Shays Rebellion

This Day in History

While many would argue that the Feds wield too much power these days, most would agree that certain enumerated duties are best handled at the top level of our central government. Never was that more evident than began on this day in 1786 when a rowdy group of about 5,000 farmers and merchants staged what is known as Shay’s Rebellion.

Daniel Shay, the leader of the disgruntled band, was a farmer who found himself unable to pay debts he owed even though he had served honorably as a soldier in the Revolutionary War.

Unfortunately, because the then-law-of-the-land, The Articles of Confederation, did not allow for taxation, no monies had been collected as payment for the soldiers who fought for our freedom from England which left Shay and many others with growing debt and no ability to pay them off.

Banks began to confiscate goods and seize property through foreclosure which of course did not sit well with Shay and other hardworking farmers who needed their land in order to survive.
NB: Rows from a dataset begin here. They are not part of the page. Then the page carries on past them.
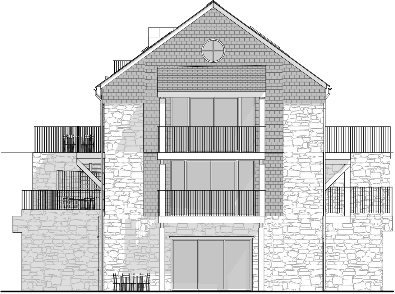
PROPOSED NORTH ELEVATION 1:100
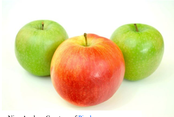
Nice Apples.
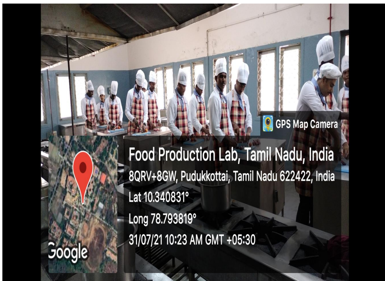
Students Preparing Dishes

The Department conducted practical classes as per the time table. Students gather knowledge about the Culinary skills, Food and Beverage service, Housekeeping and Front office management.
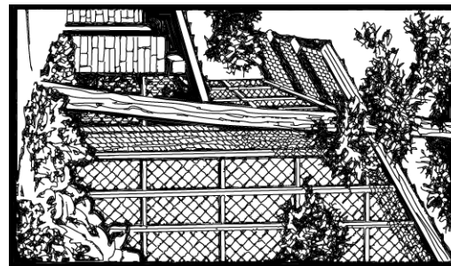
Painless and Economical
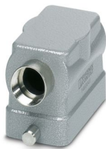
HEAVYCON B6 sleeve housing, for single locking latch, height: 56 mm, with 1 x M25 gland, lateral cable outlet

Please be informed that the data shown in this PDF document is generated from our online catalog. Please find the complete data in the user documentation. Our general terms of use for downloads are valid.

The angry mob went to the streets of Massachusetts shutting down court hearings and proceedings, demanding the protection of their property rights.

The rebellion, while certainly disturbing, was considered a failure and Daniel Shay was subsequently arrested for his part and then later released.

So were all of their efforts in vain? Well, as is the case with most events throughout history (even those considered largely unsuccessful) the answer is a resounding “NO!”

The incident sharply illuminated the shortcomings of the Articles of Confederation and the need for a form of governance that provided for a stronger central government and thus a more cohesive union.

The rebellion was not squashed by a large national military force but rather a group of private soldiers because the Articles of Confederation did not provide for the establishment of a federally mandated and funded military.

Ironically, the very thing that rendered the Feds unable to quickly tamp down Shay and his cohorts by swift use of military might, was the very thing that led them to rebel on that fateful day as the federal government did not see an obligation to pay Revolutionary War soldiers when their duties were not expressly enumerated in the Articles.

Soon after Shay’s Rebellion was put down, the United States Constitution would become the official law of the land, rendering the Articles of Confederation obsolete. And oddly, we can thank Daniel Shay and his army of angry rebels for demonstrating how woefully short they were in ensuring a unified republic.